▶ TASK STATEMENT: Omit every picture, then return each line of the data below exactly.

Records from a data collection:
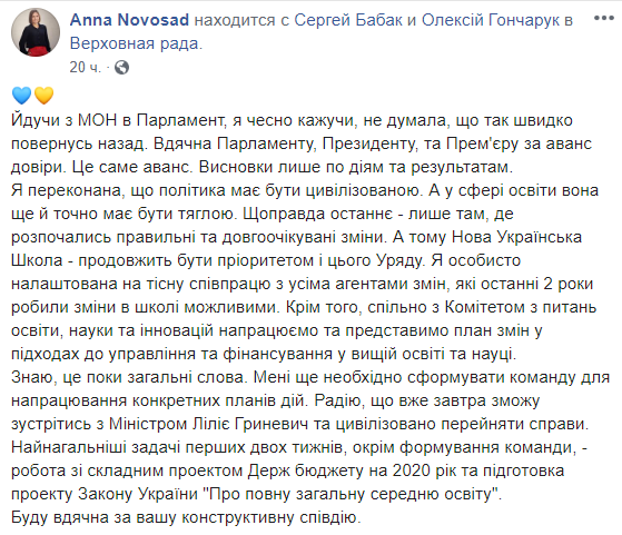 Получив высокую должность в Кабмине, Новосад поблагодарила коллег за аванс доверия. "Это именно аванс. Выводы только по действиям и результатам. Я убеждена, что политика должна быть цивилизованной", - написала Новосад в Facebook.
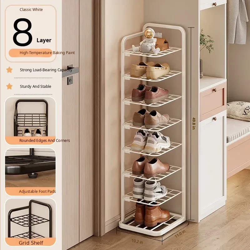 [White-8 Layers] Metal Shoe Rack | Small Footprint and Space Saving - Stable Structure
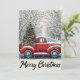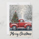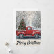 Fira säsongen med detta mysiga julkort som visar en gammal röd pickup som kör på en snötäckt väg omgiven av frostiga träd. I flaket står en vacker dekorerad julgran som gnistrar med röda dekorationer, lysande lampor och en röd stjärna högst upp. Lätta snöflingor faller över det fridfulla vinterlandskapet medan den kraftiga ”God Jul”-texten ger en glad touch – perfekt för att sprida värme och tradition till nära och kära.
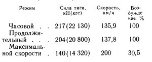 Тяговые параметры электровоза при передаточном отношении редуктора 1,786 и среднеизношенных колесах (1215 мм) :
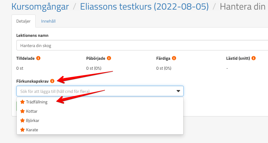Om du ställer in att lektionen Hantera din skog har förkunskapskrav: Trädfällning, så kommer de studerande inte kunna öppna lektionen förrän de är godkända på Trädfällning.

▶ PROBLEM SOLUTION:
 Получив высокую должность в Кабмине, Новосад поблагодарила коллег за аванс доверия. "Это именно аванс. Выводы только по действиям и результатам. Я убеждена, что политика должна быть цивилизованной", - написала Новосад в Facebook.
 [White-8 Layers] Metal Shoe Rack | Small Footprint and Space Saving - Stable Structure
 Fira säsongen med detta mysiga julkort som visar en gammal röd pickup som kör på en snötäckt väg omgiven av frostiga träd. I flaket står en vacker dekorerad julgran som gnistrar med röda dekorationer, lysande lampor och en röd stjärna högst upp. Lätta snöflingor faller över det fridfulla vinterlandskapet medan den kraftiga ”God Jul”-texten ger en glad touch – perfekt för att sprida värme och tradition till nära och kära.
 Тяговые параметры электровоза при передаточном отношении редуктора 1,786 и среднеизношенных колесах (1215 мм) :
Om du ställer in att lektionen Hantera din skog har förkunskapskrav: Trädfällning, så kommer de studerande inte kunna öppna lektionen förrän de är godkända på Trädfällning.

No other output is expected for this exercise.